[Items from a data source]
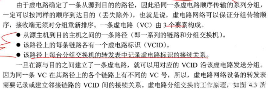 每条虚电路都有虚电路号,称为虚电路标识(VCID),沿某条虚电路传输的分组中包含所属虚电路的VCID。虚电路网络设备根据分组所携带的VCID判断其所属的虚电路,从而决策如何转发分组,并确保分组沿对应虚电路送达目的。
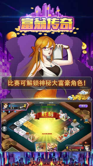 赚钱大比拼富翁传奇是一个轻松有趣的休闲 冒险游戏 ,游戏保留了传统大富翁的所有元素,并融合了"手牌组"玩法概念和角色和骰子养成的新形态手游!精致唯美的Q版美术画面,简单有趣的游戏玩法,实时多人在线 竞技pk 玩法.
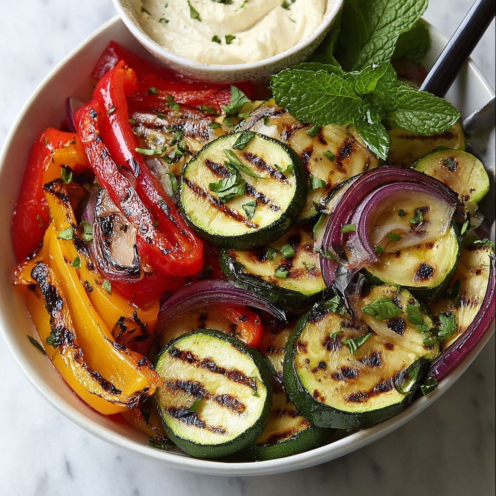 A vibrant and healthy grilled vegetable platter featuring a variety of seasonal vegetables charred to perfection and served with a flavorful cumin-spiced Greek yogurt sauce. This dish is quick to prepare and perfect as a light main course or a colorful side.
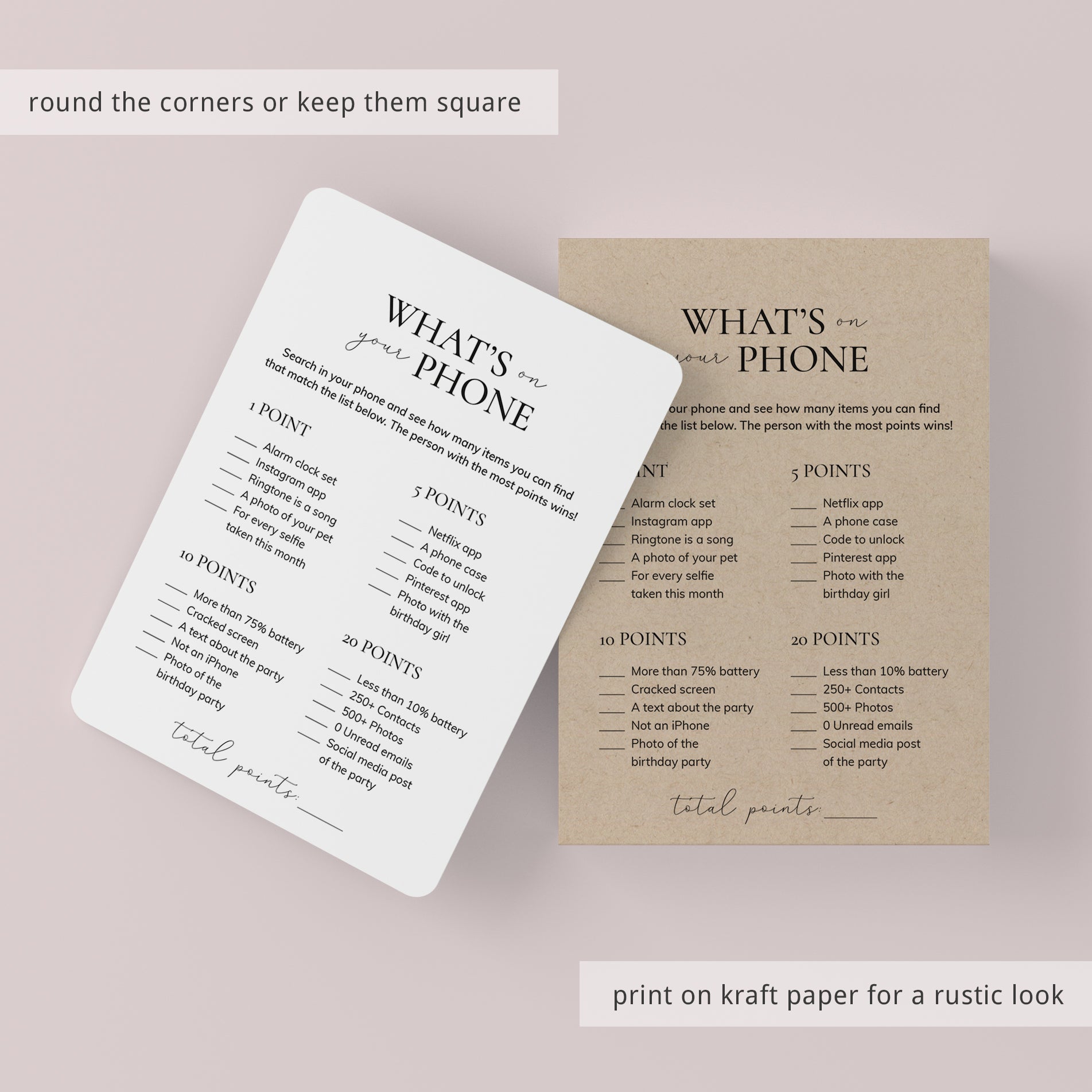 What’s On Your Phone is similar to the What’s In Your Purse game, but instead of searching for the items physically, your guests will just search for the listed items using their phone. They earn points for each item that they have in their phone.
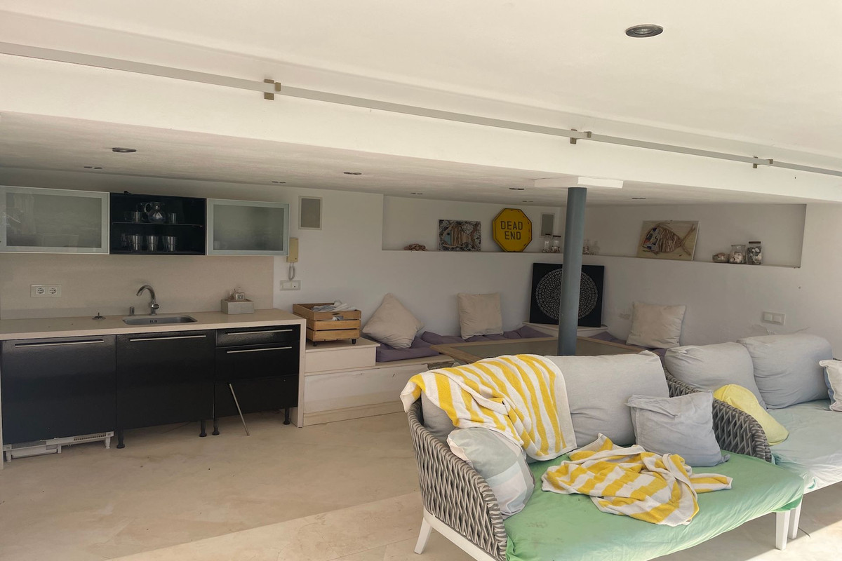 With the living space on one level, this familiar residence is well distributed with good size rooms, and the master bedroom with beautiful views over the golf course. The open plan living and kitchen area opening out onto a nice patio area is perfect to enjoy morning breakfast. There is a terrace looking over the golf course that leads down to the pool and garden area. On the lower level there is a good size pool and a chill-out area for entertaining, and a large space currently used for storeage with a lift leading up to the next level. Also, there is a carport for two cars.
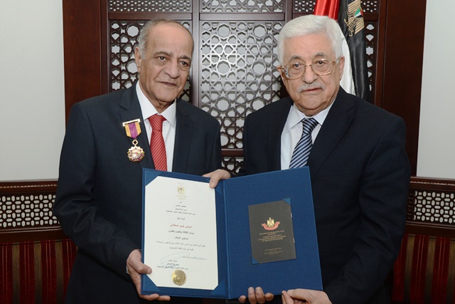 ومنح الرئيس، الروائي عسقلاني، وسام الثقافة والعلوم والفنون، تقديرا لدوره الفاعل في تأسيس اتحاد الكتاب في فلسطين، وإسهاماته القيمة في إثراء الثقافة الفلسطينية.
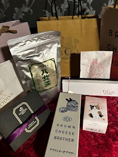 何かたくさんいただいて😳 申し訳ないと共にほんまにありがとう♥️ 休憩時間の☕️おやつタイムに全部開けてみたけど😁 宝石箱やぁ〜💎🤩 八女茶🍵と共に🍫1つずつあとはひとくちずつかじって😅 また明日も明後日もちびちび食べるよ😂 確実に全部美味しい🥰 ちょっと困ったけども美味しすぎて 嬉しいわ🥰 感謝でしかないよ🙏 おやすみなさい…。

** Problem requirements **
Copy out exactly the lines above beginning with the line that contains "A vibrant and" and finishing with the line that contains "ومنح الرئيس، الروائي", including both; leave the pictures out.

** Response **
 A vibrant and healthy grilled vegetable platter featuring a variety of seasonal vegetables charred to perfection and served with a flavorful cumin-spiced Greek yogurt sauce. This dish is quick to prepare and perfect as a light main course or a colorful side.
 What’s On Your Phone is similar to the What’s In Your Purse game, but instead of searching for the items physically, your guests will just search for the listed items using their phone. They earn points for each item that they have in their phone.
 With the living space on one level, this familiar residence is well distributed with good size rooms, and the master bedroom with beautiful views over the golf course. The open plan living and kitchen area opening out onto a nice patio area is perfect to enjoy morning breakfast. There is a terrace looking over the golf course that leads down to the pool and garden area. On the lower level there is a good size pool and a chill-out area for entertaining, and a large space currently used for storeage with a lift leading up to the next level. Also, there is a carport for two cars.
 ومنح الرئيس، الروائي عسقلاني، وسام الثقافة والعلوم والفنون، تقديرا لدوره الفاعل في تأسيس اتحاد الكتاب في فلسطين، وإسهاماته القيمة في إثراء الثقافة الفلسطينية.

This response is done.